I do not see the graphs. Is this something about my browser or are they missing? I see also to links to graphs.
I couldn’t figure out how to include the graphs in this document. Here is a link to the Google Driver version that has the graphs: https://docs.google.com/document/d/186Bcv4DbrYLY7m3ZCeGji9QM7DAjm0arY2doV5TTNAs/edit?usp=sharing
Also in PDF format:
https://drive.google.com/file/d/1eFiw4lqNtMXAbQZLwhLPBCOyODPQY4oU/view?usp=sharing
Now it shows; I also looked at the GDoc. No worries.

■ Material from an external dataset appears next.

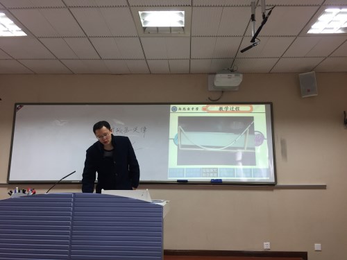 比赛中,有的选手通过ppt向大家展示自己的设计理念,有的选手通过自己所设计的图形等方式,从说教材、教法、教学手段、学法、教学过程及板书等方面对“牛顿第一定律”的教学进行了详细阐述。在教材和教法处理上,参赛教师充分考虑学生学情,整合教材,设计了不同的教学方法。在教学过程设计上,各位教师利用多种教学模式,层层深入,解决问题,充分展示了自己独到的教学设计和教学风格,给大家呈现了一个个充满活力和魅力的课堂。得到在场老师和评委的阵阵掌声。
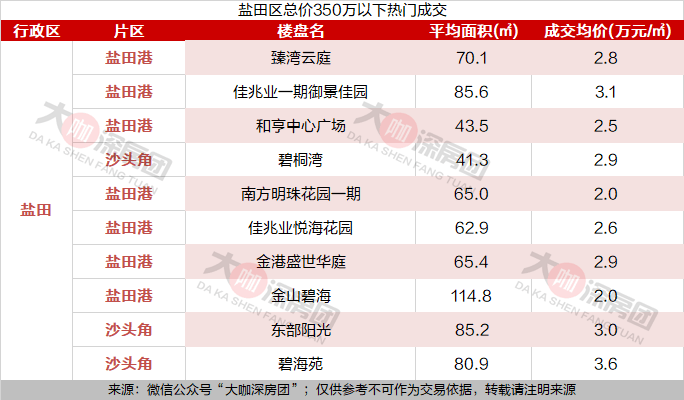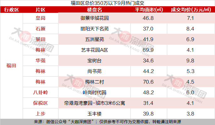福田区均总价350万内,成交量最高的是皇岗的御景华城花园,9月共成交了11套,目前均价在7.1万元/㎡。

SQL code in Jupyter – just not readable!
Perl code …
I like the fact that I can not understand what you have done here – you just pasted some code with very ugly formatting 😀
Hi zenpanik,
The copy/paste lost the formatting and pictures. We wrote everything on a Google Doc (see below) which has pictures and fixed-font formatting. But even with the formatting you are right – Perl is hard to read. We tried to add comments, but the main goal is to make it work, and Perl is very fast and easy for prototyping (at least for old-timers like me :-).
Here are the links to the pretty google docs and PDF:
https://docs.google.com/document/d/186Bcv4DbrYLY7m3ZCeGji9QM7DAjm0arY2doV5TTNAs/edit?usp=sharing
Also in PDF format:
https://drive.google.com/file/d/1eFiw4lqNtMXAbQZLwhLPBCOyODPQY4oU/view?usp=sharing
“Our best idea is to see if there is a way to see if some users strongly prefer some types of articles and maybe the preference will be so strong that they would be way more likely to read the 2nd and 3rd best articles, if their affinity for the 1st best article is low.”
That’s a nice idea – but how would it be implemented?
We didn’t have time to test that. So at this point it is just a hypothesis (guess) that needs to be tested. To be clear, we are somewhat confident that it will NOT help FOR THIS PARTICULAR DATASET. (There are clearly many scenarios where it will)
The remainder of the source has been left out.